If the credit crisis were a football game, it was "probably in the third or fourth quarter."
-- Blankfein made this assessment in April 2008, according to The Associated Press. Five months later, one major investment bank filed for bankruptcy, two others had been bought out and two more, including Blankfein's own Goldman Sachs, had applied to be bank holding companies to help ward off future trouble.
Jamie Dimon, JPMorgan Chase
Jamie Dimon, the CEO of JPMorgan Chase, is largely known for two things -- helping his bank avoid the worst of the financial crisis and being unapologetically blunt while doing it. Among some of his pull-no-punches comments:
"I am a little tired of the constant vilification of these people … This is not a casino." -- Defending bankers during remarks at Jan. 11 health care conference.
"[I]f some unforeseen circumstance should put this firm at risk of collapse, I believe we should be allowed to fail … The term 'too big to fail' must be excised from our vocabulary."
-- Op-ed piece, Washington Post, Nov. 13, 2009
"Dear Timmy, we are happy to be able to pay back the $25 billion you lent us. We hope you enjoyed the experience as much as we did. Love, Jamie."
-- From a fictional letter to Treasury Secretary Timothy Geithner that Dimon read aloud during a conference at New York University in early June.
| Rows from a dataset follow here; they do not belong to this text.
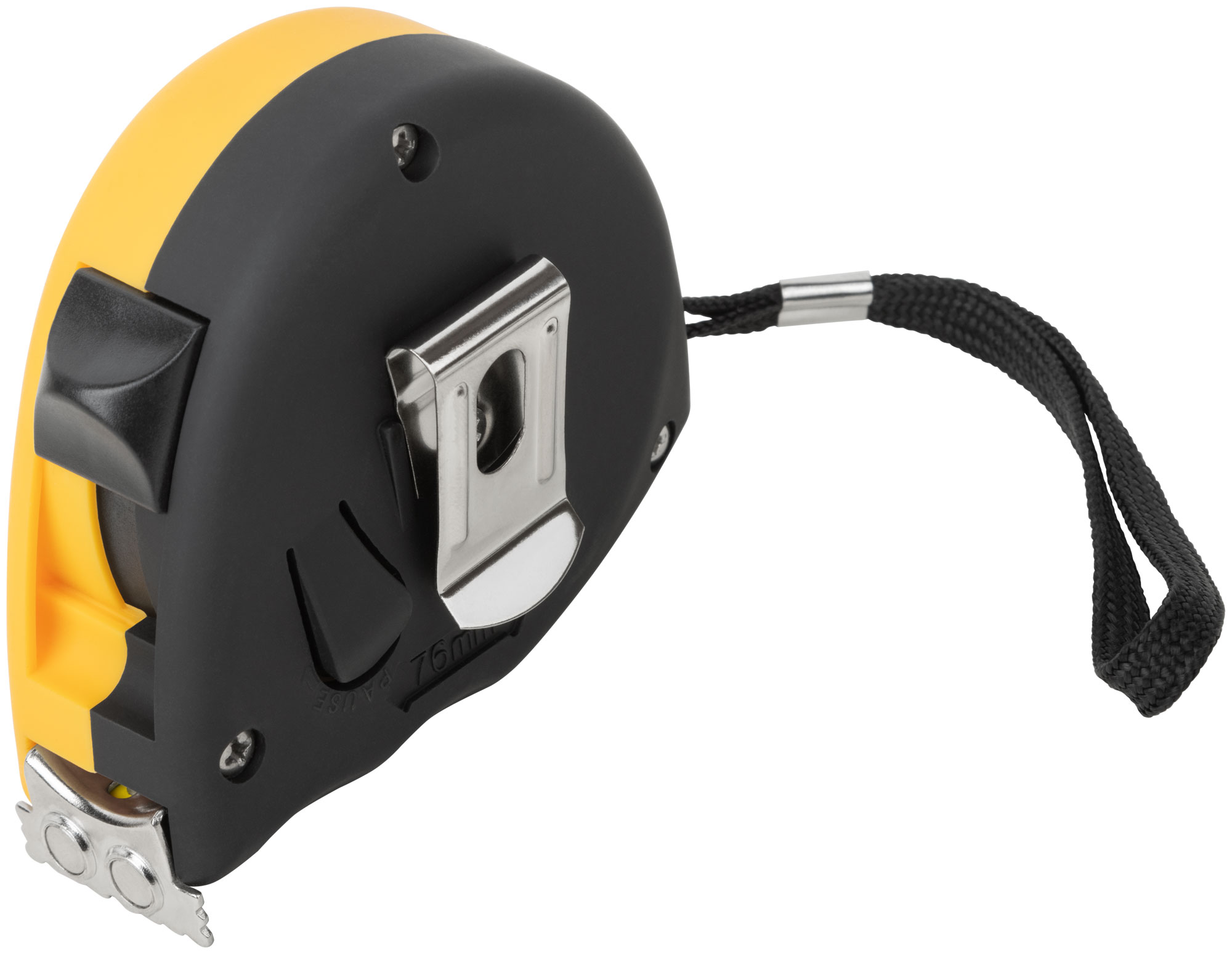 Эта модель оснащена стальной лентой с нейлоновым покрытием, что обеспечивает долговечность и защиту от износа. Эластичный противоударный корпус из ABS пластика защищает рулетку от повреждений при падениях, а двойной стопор надежно фиксирует ленту на нужной длине.
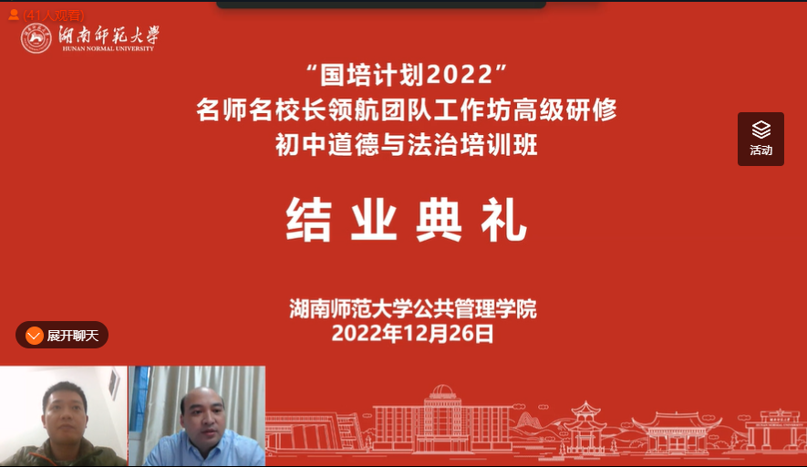 12月26日下午16:30,由bet36365路检测中心承办的“国培计划2022”—名师名校长领航团队工作坊高级研修·初中道德与法治培训班(C215)线上结业典礼在奥鹏师训宝平台顺利举行。bet36365路检测中心副院长李超民、培训中心主任王群和班主任邹水平出席了典礼。典礼由邹水平老师主持。
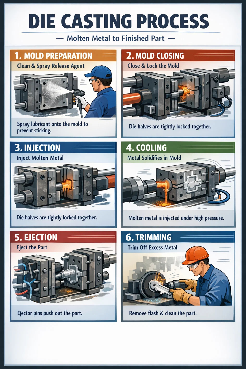 重要なポイント: この時点で、機械は金型をロックするために非常に大きな力を加えます。圧力が非常に高いため、金型がしっかりと固定されていないと、隙間から溶けた金属が飛び散り、部品が破損してしまいます。
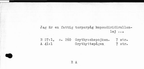 //// 0 //// Jag är en fattig torparpåg hupsudiridirullan- //// lej //// B 2Jti, s. 260 Grythyschepojken. 7 str» A 41:1 Grythyttepågen 7 str. //// R A ////
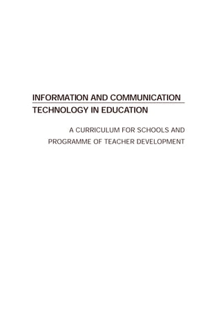 This document presents a curriculum for information and communication technology (ICT) education in secondary schools and a programme for teacher development. It aims to ensure all countries have access to quality education to prepare students for modern society.
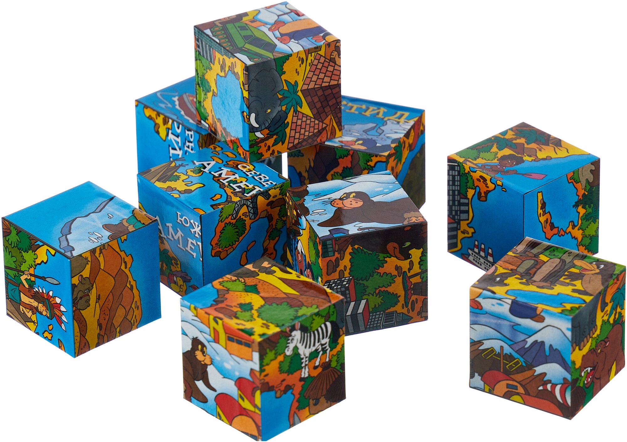 Кубики-пазл «Атлас мира» из серии «Изучаем окружающий мир» позволят ребенку в веселой развлекательной форме познакомиться с интересными географическими фактами и атласом нашего мира.
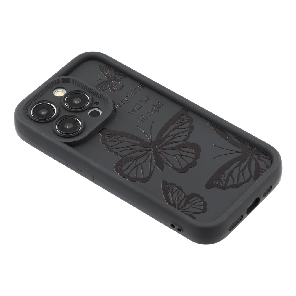 For iPhone 14 Pro Case Butterfly Print TPU Shockproof Phone Back Cover – Black
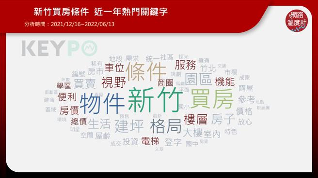 分析区间:本文分析时间范围为2021年12月16日至2022年06月13日。资料来源:《KEYPO大数据关键引擎》拥有巨量资料,以人工智慧作语意分析之工具资料搜集范围:累积超过30亿笔以上的网路数据库,其内容涵盖新闻媒体、社群平台、讨论区、部落格、地图评论等网站。研究方法:系统观测上万个网站频道,包括各大新闻频道、社群平台、讨论区及部落格等,针对讨论『新竹买房条件』相关文本进行分析,调查「热门关键字」(注2)作为本分析依据。*注2 热门关键字:透过『KEYPO大数据关键引擎』,萃取网路上的文章与主题共同出现的关键热词;次数越多,字词越大;可用来厘清核心议题与重点人事物。
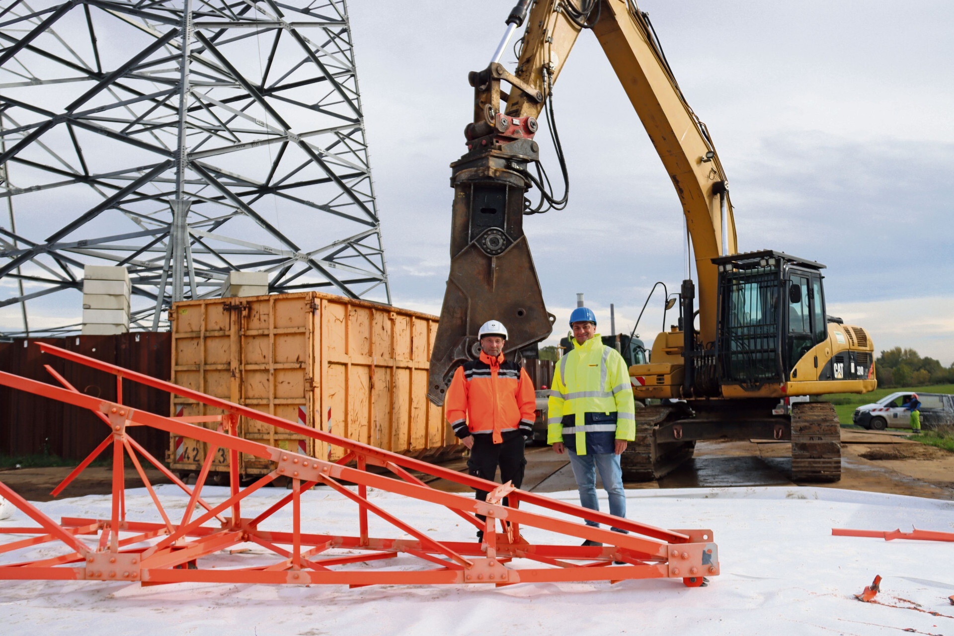 Um den alten Mast, der durch einen neuen ersetzt wird, zu Fall zu bringen, ist er an einem 650-Tonnen-Autokran befestigt. Kletterer durchtrennen erst die Mastspitze mit einer Flex, dann die sechs Traversen und später geht es an den Stamm, der Stück für Stück entfernt wird. Jedes Stück wird mithilfe des Autokrans von oben nach unten auf eine Fläche, ausgelegt mit Vlies, gehoben. An die 500 Kilo wiegen Mastspitze und 900 Kilo die Traversen, die am Kranhaken hängen. In Empfang nimmt sie ein Cat Kettenbagger 324DLN oder ein Cat 313 mit einer Cat Schere. Diese drückt und zerlegt die Konstruktion auf eine Größe, die in den daneben platzierten Container passt. Die Entsorgung der Stahlträger ist strikt geregelt – jeder Container erhält eine Nummer, um die Menge des zu entsorgenden Stahls pro Mast nachverfolgen zu können. Manche Masten fußen auf teerhaltigen Bahnschwellen. Außerdem kann es vorkommen, dass Masten einen grauen Farbton erhalten, der bleihaltig und heute längst nicht mehr Standard ist. Zerschneidet der Bagger den Stahlträger, splittert zwangsläufig die bleihaltige Beschichtung. Deswegen dient das Vlies auf der Arbeitsfläche als Schutz und Vorsichtsmaßnahme, damit die Farbsplitter nicht auf dem Boden landen, sondern hinterher eingesammelt und getrennt entsorgt werden können.
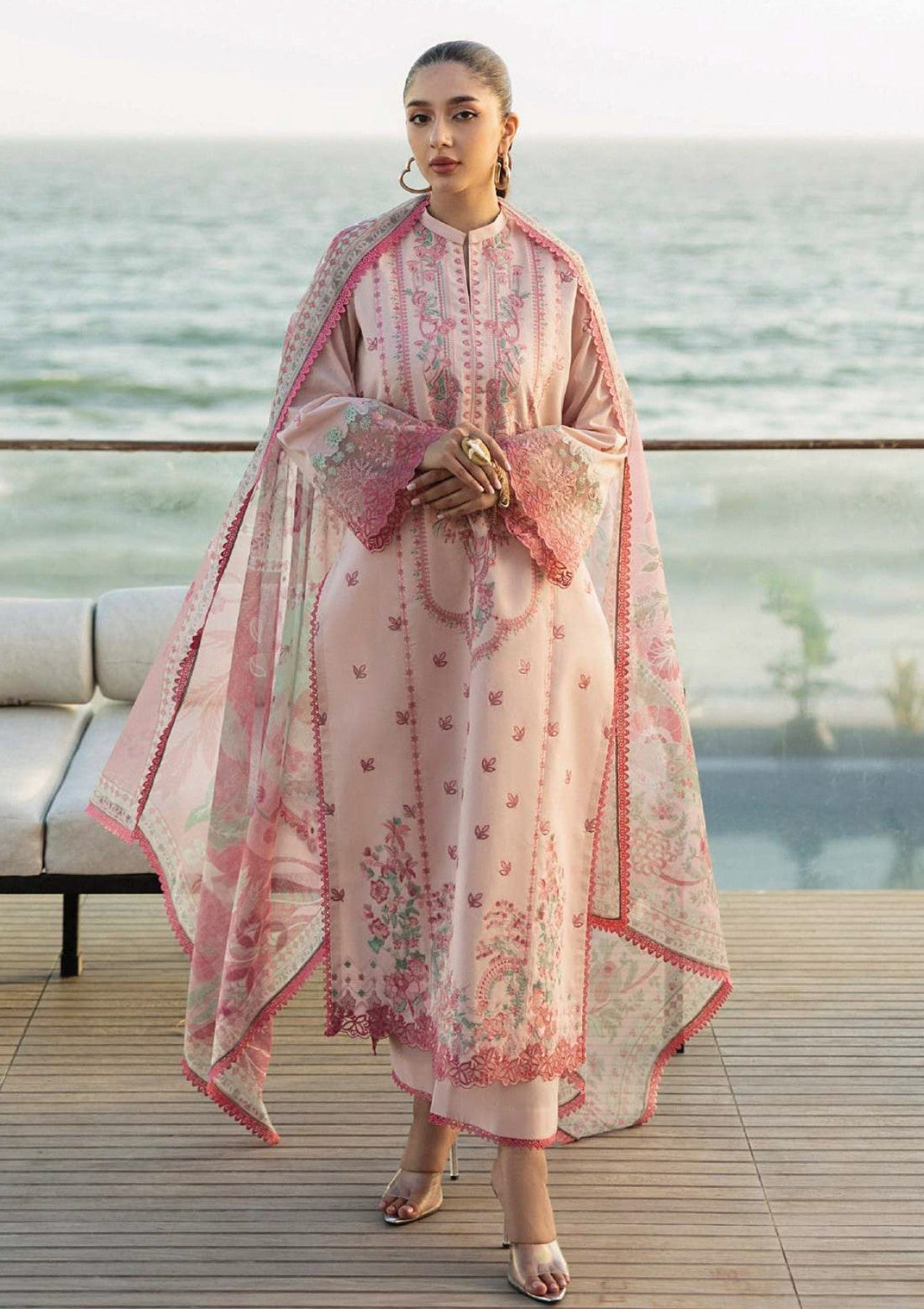 Outfit Type: Eastern Style: Long Shirt Color Type: Light Pink Package Includes: 3 Piece Top...

The dollar amount referred to the $25 billion that JPMorgan Chase received from the federal government through the Troubled Asset Relief Program.
"Folks, it's become a scarlet letter."
-- JPMorgan Chase conference call on April 16, 2009. Dimon was referring to the TARP aid JPMorgan received. During the same call, Dimon referred to TARP as "the TARP baby."
"Buying a house and buying a house on fire are two different things."
-- Interview with Charlie Rose in early June during which Dimon explained JPMorgan Chase's decision to bid to buy collapsing investment bank Bear Stearns for just $2 a share. The bank later acquired Bear, with the government's backing, for $10 a share.
Brian T. Moynihan, Bank of America
Having just taken over for predecessor Ken Lewis earlier this month, Moynihan hasn't quite been in the spotlight as much as his peers. But he's already made one thing clear: He's really, really glad that the financial crisis is behind him.
"As an industry, we over-lent and customers over-borrowed, and that led to a fairly significant bubble. If you could rewind the clock, you wouldn't do those things again."-- Bloomberg News television interview, Jan. 4, 2009
"It's just great to be in the year 2010. Actually, it is great to be anywhere other than where we were as a company a year ago." -- Prepared remarks before North Carolina Bankers Association and North Carolina Chamber, according to Bloomberg.